Вот что надо понять в этой блокадной жизни, кроме хлебной пайки.

За кулисами любви

У нашего снабженца Захара не было детей. Крепкий мужик, жена красавица, дом – полная чаша, а детей нет. Горевал он страшно и, видать, ходил к врачу, потому что разговоры о разводе прекратил, значит, как мы смекнули, дело-то в нем было. Помрачнел, затосковал. И даже как-то растерялся человек. Потерял в себе уверенность, а снабженец без уверенности, все равно что пустая кобура. Однажды, на каком-то юбилейном сабантуе, поддали мы, и наш Захар признался, что не видит для себя выхода, потеряет он жену, брак их гибнет, чего он, Захар, не перенесет. Надумал он дать возможность жене погулять на стороне. Но как это сделать?

Мы посоветовали отправить ее на юг, одну в отпуск. Захар на это только плечом дернул. Было, оказывается. Ведь это первое, что приходит в мужскую голову. Ездила она в Крым, в Ялту, однако, судя по всему, вела там себя совершенно недоступно. Вот в чем загвоздка. «Любит она меня», – признался Захар чуть ли не плача, такое осложнение у них. Начисто отвергает курортные романы. Кроме того, прочитав литературу насчет наследственности, он, Захар, не желает получить ребенка от случайного прощелыги, мало ли – скрытый алкаш, или преступные наклонности скажутся, наследственная может быть эпилепсия, а также диабет, гемофилия, сердечная недостаточность…

Ужас, сколько всякой пакости можно передать детям. Поэтому он рассудил – если уж идти на такое дело, то с открытыми глазами. И смотрит он своими открытыми глазами на меня. Конечно, третий наш застольник, – инженер по безопасности Славик, – невидный из себя, да к тому же альбинос. Этот альбинос сразу ухватил, куда ветер дует, и говорит задумчиво: «Почему бы тебе, Гена, и в самом деле не помочь товарищу?» Почему именно я, говорю, если уж выбирать, можно найти более достойных, с ярко выраженными способностями, словом, всячески отговариваюсь, пока наконец Захар не обижается: я, говорит, самое заветное вам изложил, как друзьям-товарищам, а вы оскорбляете меня; ты, говорит, Гена, волочишься за кем попало, бабам от тебя проходу нет, а тут высказываешь обидное для моей жены как женщины сопротивление. Всерьез расстраивается человек, и без того нелегко, я понимаю, но верите ли, ничего с собой поделать не могу. Знаю я его жену Агнессу, дивная фигура; если бы обмануть надо было Захара, я бы к ней со всей охотой, а так, с его согласия, весь вкус пропадет, я даже уверен, что не получится у меня, оскандалюсь. Но ему говорю, что у меня по наследственной линии тоже не все в порядке, поскольку бабушка попала в психбольницу. Это ерундовина, возражает альбинос, вероятность ничтожная, кроме того, у тебя же двое детей, абсолютно здоровые ребята. Тогда я говорю, что есть другая, более серьезная причина, что, если честно, то я боюсь, потому что Агнесса мне давно нравится, я могу к ней привязаться, и она ко мне, такие случаи бывали с женщинами, с которыми я имел дело. Прилеплялись – вплоть до взаимности. Это, вижу, подействовало на Захара.

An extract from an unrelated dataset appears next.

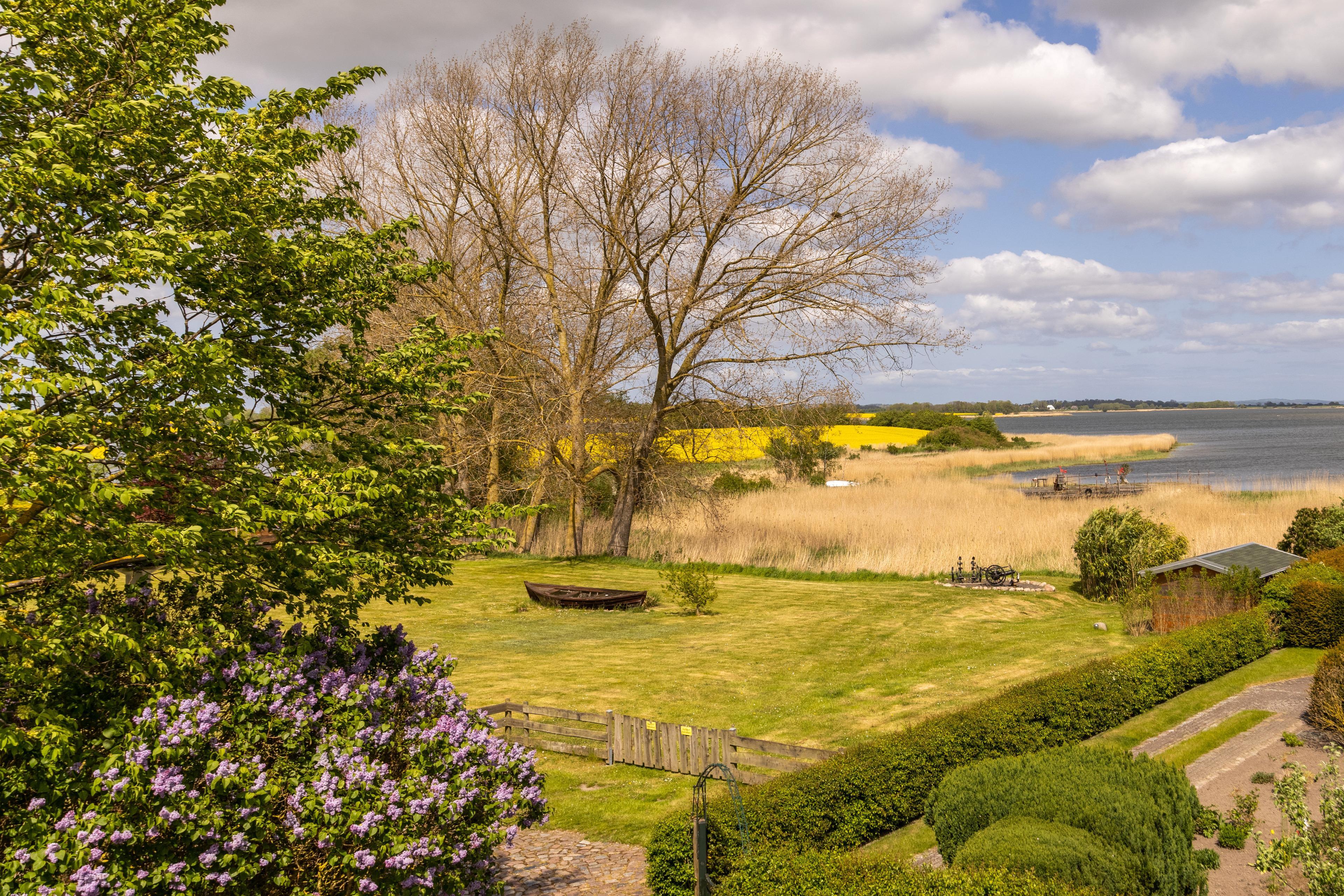 Ein besonderes Highlight ist das zusätzliche, private Wiesengrundstück direkt am Bodden mit eigenem Steg, Gartenhaus und Sitzgruppe; ein seltener Luxus und ideal für Naturgenießer, Romantiker und Angler.

Упал он духом. Эх, говорит наш альбинос Славик, был бы тут Серафим, все мигом бы сошлось. Имелся у него такой кореш, он сейчас в Израиль уехал. Мужик с гарантией, шуровал как раз среди бездетных баб. Ставил перед ними вопрос напрямую: если хочешь иметь ребенка – пользуйся, от меня наверняка понесешь. Мои живчики, ребята с повышенной проходимостью, через все лабиринты проникнут. Конечно, когда физиология имеет полный захлоп, эксперимент может сорваться. Ну, в крайнем случае, не такая уж катастрофа, ограничиться придется удовольствием. Это он гарантировал. Обычно, говорит, самые безнадежные от меня беременели. Делаю это я безвозмездно, исключительно в порядке гуманитарной помощи. Представляете, как себя подавал. И что вы думаете, большинство соглашалось, приходили к нему, подолгу его посещали. Каков был его КПД, альбинос не знал, сам же Серафим настаивал на рекордном попадании. Теперь он с успехом сеет свои семена и на земле обетованной.

Да, говорит Захар, это было бы мне как раз. Да, говорю я, лучше иметь дело с людьми посторонними, без служебных отношений, и вспоминаю тут Толю Миронова, дружка армейского. Спортсмен. Изобретатель. Имеет авторские свидетельства и троих детей. Парень мировой, древнегреческого сложения. Захар заинтересовался. Но тут наш альбинос: «А что как твоя жена заинтересуется этим изобретателем, у которого лучше данные, чем у Гены, так, что ее не оторвать будет?» Спрашивают – могу ли я поручиться? Ну, а как я могу ручаться? Зачем мне ручаться, мало ли что. Тогда, продолжает альбинос, у меня есть идея. А именно: дать ему деньги за это дело, с распиской, чтобы в случае чего Агнессе предъявить, на баб такая корысть действует оскорбительно. И гасит непредвиденные чувства. Короче говоря, так и было решено. Самое удивительное, что мой изобретатель оказался человеком жадным до денег, он согласился за 350 рублей, приличная по тем временам сумма, объяснял, что не может без цветов, духов и прочих подарков. Нужна для него какая-то поэзия, в кино хотя бы сходить.

Захар уезжает на это время, то есть на три недели, в дом отдыха, предварительно познакомив их. В последнюю минуту он дрогнул и не решился намекнуть жене, как было договорено. Про полную свободу поведения. Мой изобретатель закапризничал, заявил, что он соглашался на содействие, а тут надо склонять к измене. Это уже за пределами сердца, говорит, чистая аморалка и требует добавочного расхода нервной энергии и принципов. Пришлось добавить ему еще сотню.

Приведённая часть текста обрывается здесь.